* _Material for this exercise_:
□ □ □ □
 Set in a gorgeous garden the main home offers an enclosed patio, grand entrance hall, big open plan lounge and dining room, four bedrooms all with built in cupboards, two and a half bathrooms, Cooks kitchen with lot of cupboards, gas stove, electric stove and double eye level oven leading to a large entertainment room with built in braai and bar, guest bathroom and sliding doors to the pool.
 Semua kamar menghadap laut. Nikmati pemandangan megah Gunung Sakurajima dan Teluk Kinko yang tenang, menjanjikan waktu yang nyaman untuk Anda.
□ □ □ □
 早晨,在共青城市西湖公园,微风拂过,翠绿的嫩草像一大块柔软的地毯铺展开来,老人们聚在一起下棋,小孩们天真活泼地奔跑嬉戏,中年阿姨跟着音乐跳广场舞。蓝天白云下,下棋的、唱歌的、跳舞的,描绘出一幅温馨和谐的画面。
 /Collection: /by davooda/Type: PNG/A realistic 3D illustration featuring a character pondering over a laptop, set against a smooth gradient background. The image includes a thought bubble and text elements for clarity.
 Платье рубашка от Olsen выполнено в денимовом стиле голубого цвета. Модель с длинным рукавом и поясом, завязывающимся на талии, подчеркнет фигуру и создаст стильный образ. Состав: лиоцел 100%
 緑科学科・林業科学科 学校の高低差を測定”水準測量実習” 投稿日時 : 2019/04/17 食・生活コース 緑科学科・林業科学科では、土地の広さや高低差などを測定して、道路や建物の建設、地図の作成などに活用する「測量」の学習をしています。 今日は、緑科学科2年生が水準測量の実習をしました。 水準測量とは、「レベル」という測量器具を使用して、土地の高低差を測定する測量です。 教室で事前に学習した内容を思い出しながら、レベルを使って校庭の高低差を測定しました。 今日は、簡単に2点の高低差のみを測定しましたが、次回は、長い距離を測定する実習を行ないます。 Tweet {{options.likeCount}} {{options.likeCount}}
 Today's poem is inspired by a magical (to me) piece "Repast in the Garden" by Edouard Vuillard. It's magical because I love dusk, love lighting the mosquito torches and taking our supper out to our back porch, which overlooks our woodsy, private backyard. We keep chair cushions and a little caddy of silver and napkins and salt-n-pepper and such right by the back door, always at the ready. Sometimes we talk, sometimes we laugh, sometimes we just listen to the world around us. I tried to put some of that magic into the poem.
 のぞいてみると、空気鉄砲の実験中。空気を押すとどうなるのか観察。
□ □ □ □
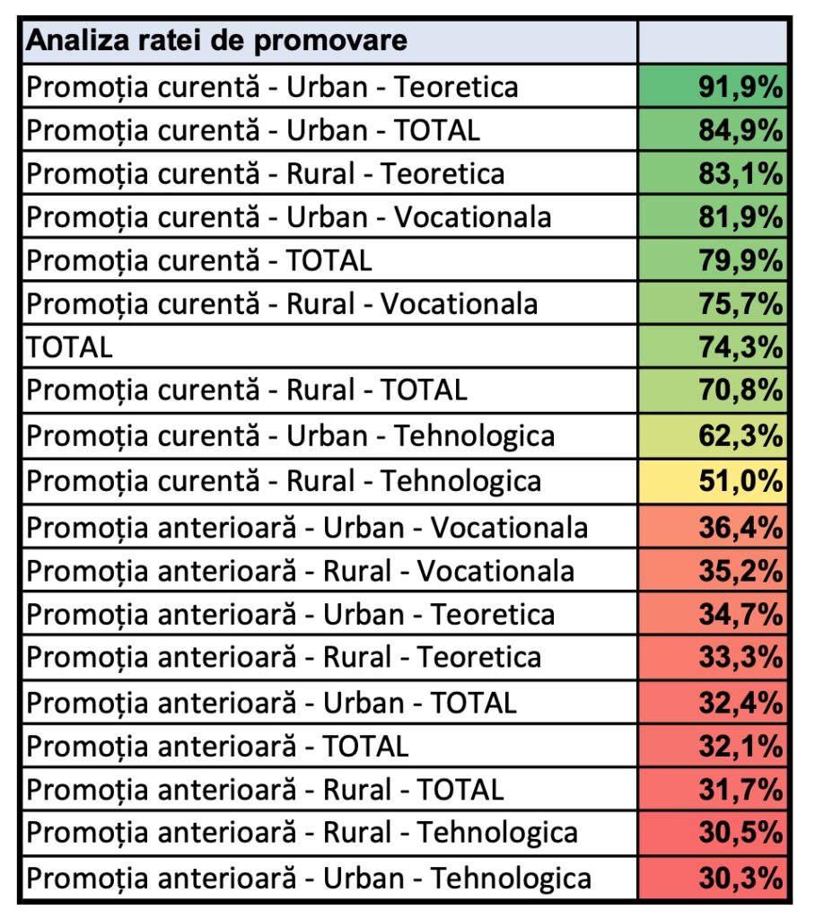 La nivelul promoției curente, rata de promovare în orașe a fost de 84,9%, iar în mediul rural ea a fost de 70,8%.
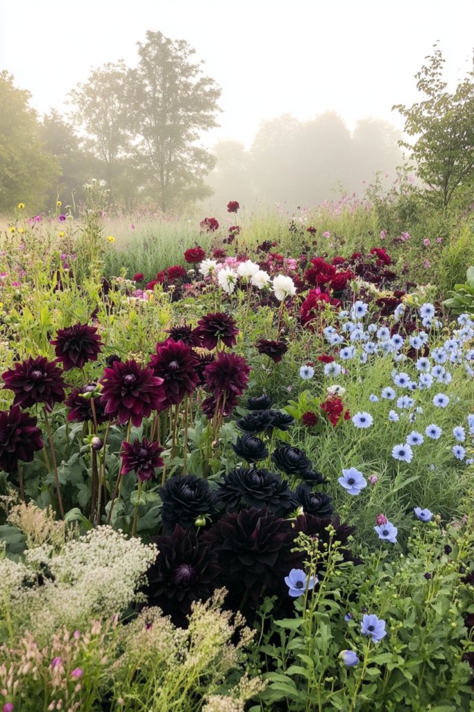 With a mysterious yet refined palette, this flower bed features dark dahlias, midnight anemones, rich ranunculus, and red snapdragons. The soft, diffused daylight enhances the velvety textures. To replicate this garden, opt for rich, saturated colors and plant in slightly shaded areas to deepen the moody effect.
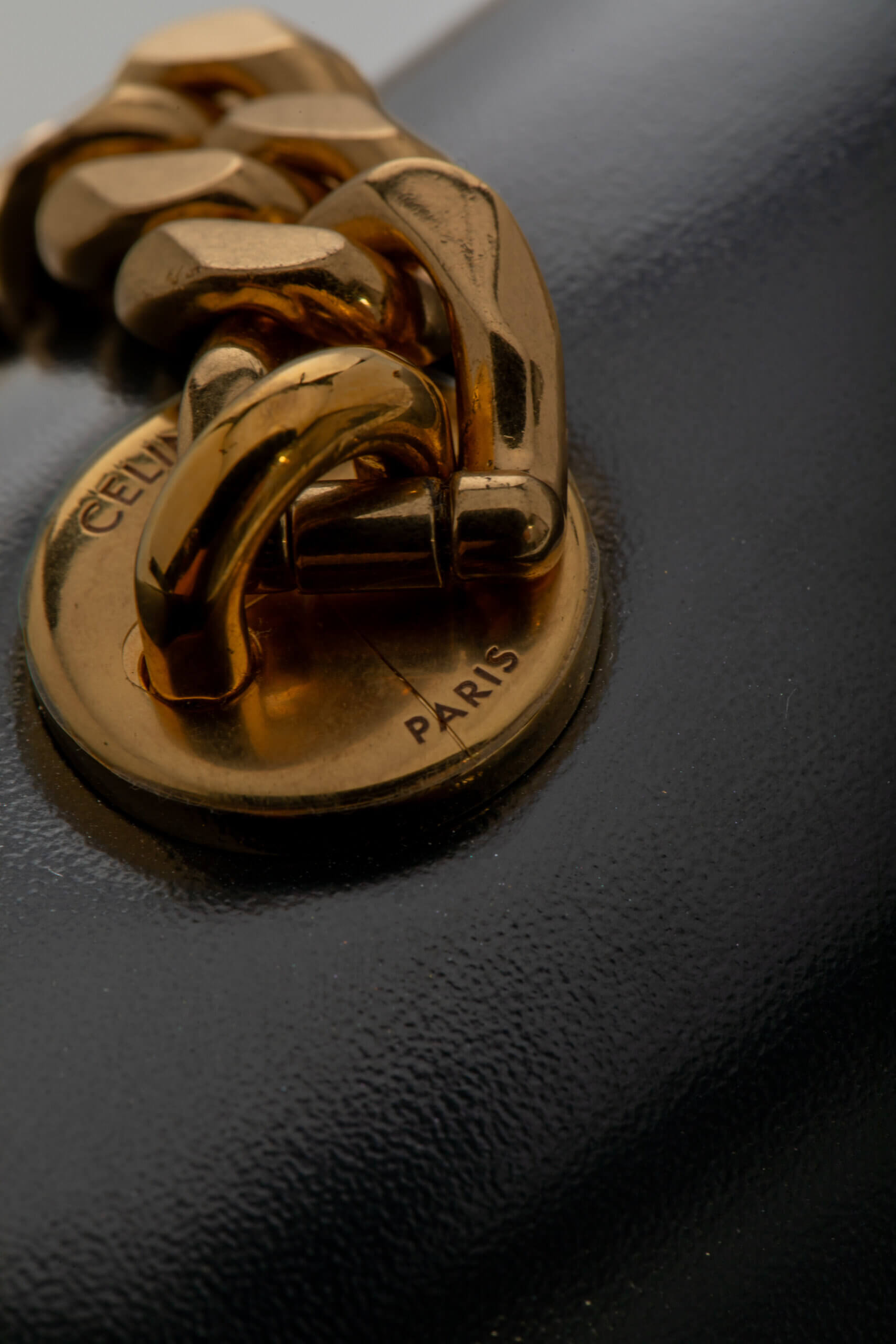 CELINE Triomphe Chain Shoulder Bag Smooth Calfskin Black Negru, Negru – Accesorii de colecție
□ □ □ □
Those lines of the records above that run from the one containing "La nivelul promoției" through the one containing "CELINE Triomphe Chain" should be returned exactly, with no pictures among them.

* _Solution for this exercise_:
 La nivelul promoției curente, rata de promovare în orașe a fost de 84,9%, iar în mediul rural ea a fost de 70,8%.
 With a mysterious yet refined palette, this flower bed features dark dahlias, midnight anemones, rich ranunculus, and red snapdragons. The soft, diffused daylight enhances the velvety textures. To replicate this garden, opt for rich, saturated colors and plant in slightly shaded areas to deepen the moody effect.
 CELINE Triomphe Chain Shoulder Bag Smooth Calfskin Black Negru, Negru – Accesorii de colecție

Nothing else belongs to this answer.